FIG. 1 is a schematic diagram of integral assembly of a microfluidic chip capable of finely adjusting coaxial alignment of capillary tubes according to the present disclosure;

FIG. 2 is a schematic structural diagram of an integrated chip support;

FIG. 3 is a schematic diagram of assembly of capillary tubes and capillary tube nesting assemblies; and

FIG. 4 is a side view after capillary tube coaxial fine adjustment assemblies are arranged into an integrated chip support.

Reference signs in the drawings are shown as follows:

The present disclosure is further described below with reference to specific embodiments and accompanying drawings.

Specific Implementation Steps:

1. Assembly of the Chip

A round capillary tube is machined into two sections of capillary tubes with lengths being 5 cm and with tapered ends by a capillary tube pulling instrument, the tapered ends of the capillary tubes are ground till inner diameters are 55 μm and 110 μm, and the capillary tubes are used as an injection capillary tube (3) and a collection capillary tube (4) respectively. The obtained glass capillary tubes are cleaned and dried to remove residual glass particles, and the collection capillary tube (4) is hydrophobically treated with octadecyltrimethoxysilane, cleaned with ethanol, and aired for later use.

The hydrophobically treated injection capillary tube (3) is sequentially sleeved with a fastener (6-1), a spacer sleeve 1 (6-2), an O-shaped sealing ring (6-3), a spacer sleeve 2 (6-4) and an O-shaped adjusting ring (6-5) from a tapered end side, and then penetrates through a threaded hole (1-1) and a sealing hole (1-2) from one side of a hexagonal-prism-shaped chip support (1) to reach a middle of a capillary tube coaxial alignment hole (1-3) with a diameter being 1.5 mm, and fixing of the injection capillary tube (3) and sealing of a flat port side of a micro-channel structure are realized by screwing the fastener (6-1) and pressing the O-shaped sealing ring (6-3); and the collection capillary tube (4) is sequentially sleeved with the other group of the fastener (6-1), the spacer sleeve 1 (6-2), the O-shaped sealing ring (6-3), the spacer sleeve 2 (6-4) and the O-shaped adjusting ring (6-5) from a tapered end side, and then penetrates through the threaded hole (1-1) and the sealing hole (1-2) in this side from the other side of the chip support (1) to reach a middle of the capillary tube coaxial alignment hole (1-3), an interval between tapered ends of the injection capillary tube (3) and the collection capillary tube (4) is adjusted to be 70 μm via an optical microscope by screwing the fastener (6-1), and the collection capillary tube (4) is screwed down and fixed by pressing the O-shaped sealing ring (6-3); where materials of the O-shaped sealing rings (6-3) and the O-shaped adjusting rings (6-5) are selected from silicone rubber.

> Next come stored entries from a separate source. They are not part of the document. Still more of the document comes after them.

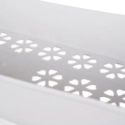 Kombinacija precizno uklopljenih spojeva od nehrđajućeg čelika i kvalitetnog PP-a osigurava stabilnost i dug vijek trajanja. Perforirano dno polica s cvjetnim motivom ne samo da uljepšava interijer, već i poboljšava odvod vlage. Četiri okretna kotačića omogućuju glatko premještanje i u skučenim prostorima, a praktične kuke sa strane drže ručnike, spužvice ili četke pri ruci.
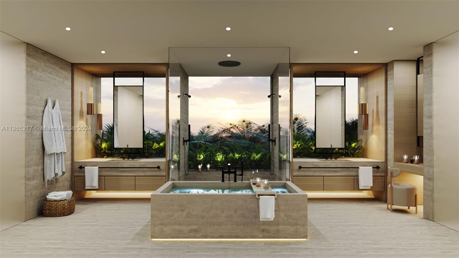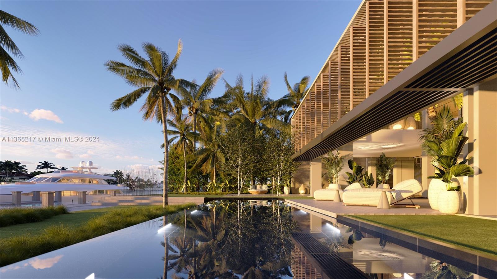 The only new construction modern waterfront home in Bal Harbour. 56 Bal Bay merges indoor & outdoor spaces, creating a tropical retreat that emphasizes nature in every corner. Sitting on a 21,225-SF lot, the 10,034 SF home boasts 100' of water frontage and 7 BD, 8+1 BA. Features include a primary bedroom with his & hers walk-in closets, six additional suites, an office studio, spa, gym, & steam bath. The smart home will include a rooftop with outdoor kitchen & fire pit, wine cellar, home theater, game room, infinity edge pool with hot tub, dock and boat lift & 3-car garage. The two-story home is designed by a collection of starchitects including architecture by Farid Chacón of NMD NOMADAS, interior design by Fanny Haim & landscape design by CLAD. Estimated Completion August of 2024.
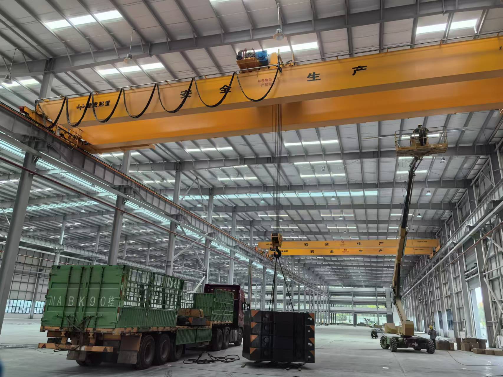 歐式雙梁起重機(jī)具有良好的承載能力,起重量從3t噸到80噸,跨度可達(dá)40米,吊鉤可提升至兩主梁之間的中間位置,大大提高了提升高度,有檢修平臺(tái)及護(hù)欄,方便維護(hù)檢修。歐式雙梁起重機(jī)是工業(yè)應(yīng)用的理想選擇,在市場(chǎng)上非常受歡迎。它具有性能優(yōu)越、結(jié)構(gòu)緊湊、自重輕、綠色環(huán)保節(jié)能、靜音、輪壓小、安全可靠和運(yùn)行高能等特點(diǎn),可以幫助您有效利用可用空間,節(jié)省廠房的整體投資成本,提高生產(chǎn)效率、減少日常維護(hù)、節(jié)省運(yùn)營(yíng)能源消耗,取得更好的投資回報(bào)。
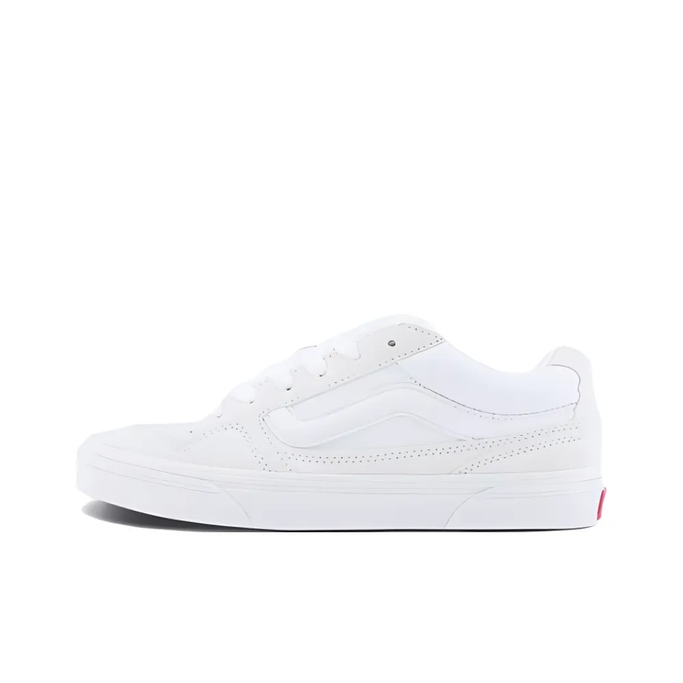 To verify the authenticity of the Old Skool Vans 'True White', inspect the canvas material for quality. Authentic pairs will have a smooth finish with no fraying or discoloration. The stitching should be even and tight, and the round tip should maintain its shape. The sole should have the classic Vans waffle pattern, ensuring durability and grip.
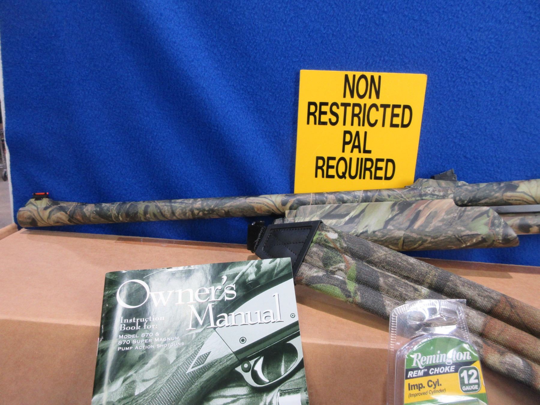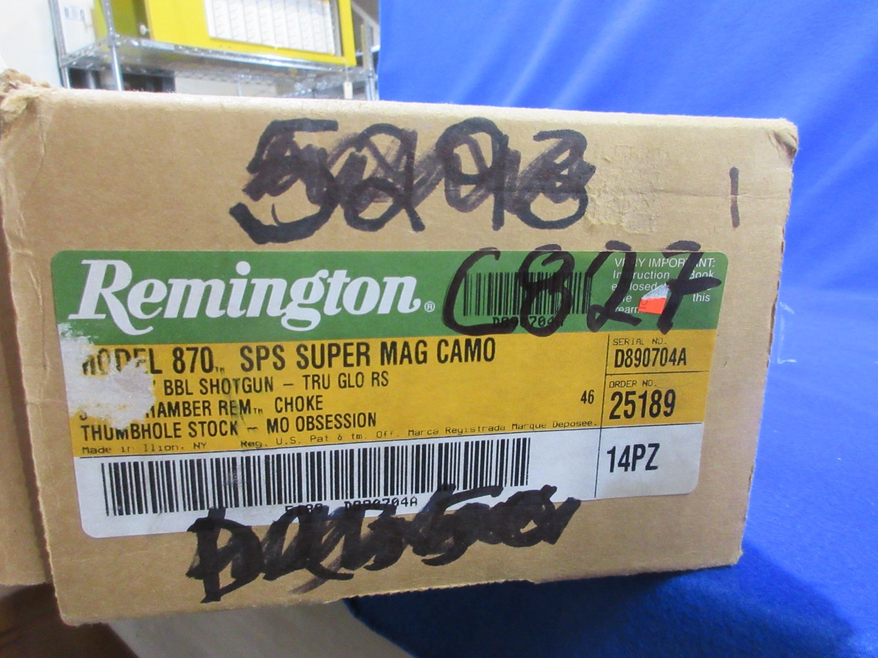 NEW - Non-Restricted - Remington 870 SPS Super Mag in 12 Ga. 2 3/4", 3", 3 1/2" - This is a NEW pump action shotgun with tube magazine and removable choke. Barrel is 23", has fiber optic sights, Mossy Oak Obsession thumbhole stock, forearm, action and barrel, length of pull is 15", rubber recoil pad deteriorating, comes with swivels and camo sling, original box, 2 extra chokes, speed wrench, plug, 2 J-Lock safety keys, Owner's Manual. Ser # D890704A

3 set screws (7-1) are inserted into 3 corresponding adjusting holes (1-4) in one side of the hexagonal-prism-shaped chip support (1) respectively after being sleeved with sealing gaskets (7-2), and are right opposite to the O-shaped adjusting ring (6-5) sleeved on the injection capillary tube (3); similarly, 3 set screws (7-1) sleeved with the sealing gaskets (7-2) are inserted into 3 adjusting holes (1-4) in the other side respectively, and are right opposite to the O-shaped adjusting ring (6-5) sleeved on the collection capillary tube (4); and relative angles of the injection capillary tube (3) and the collection capillary tube (4) in the micro-channel are adjusted respectively via observation by the optical microscope by screwing the 3 set screws (7-1) arranged at 120 degrees and pressing the O-shaped adjusting ring (6-5), and the hexagonal-prism-shaped chip support (1) is sequentially rotated to adjust relative positions of the capillary tubes at different angles, finally ensuring 360 degrees coaxial alignment of the injection capillary tube (3) and the collection capillary tube (4).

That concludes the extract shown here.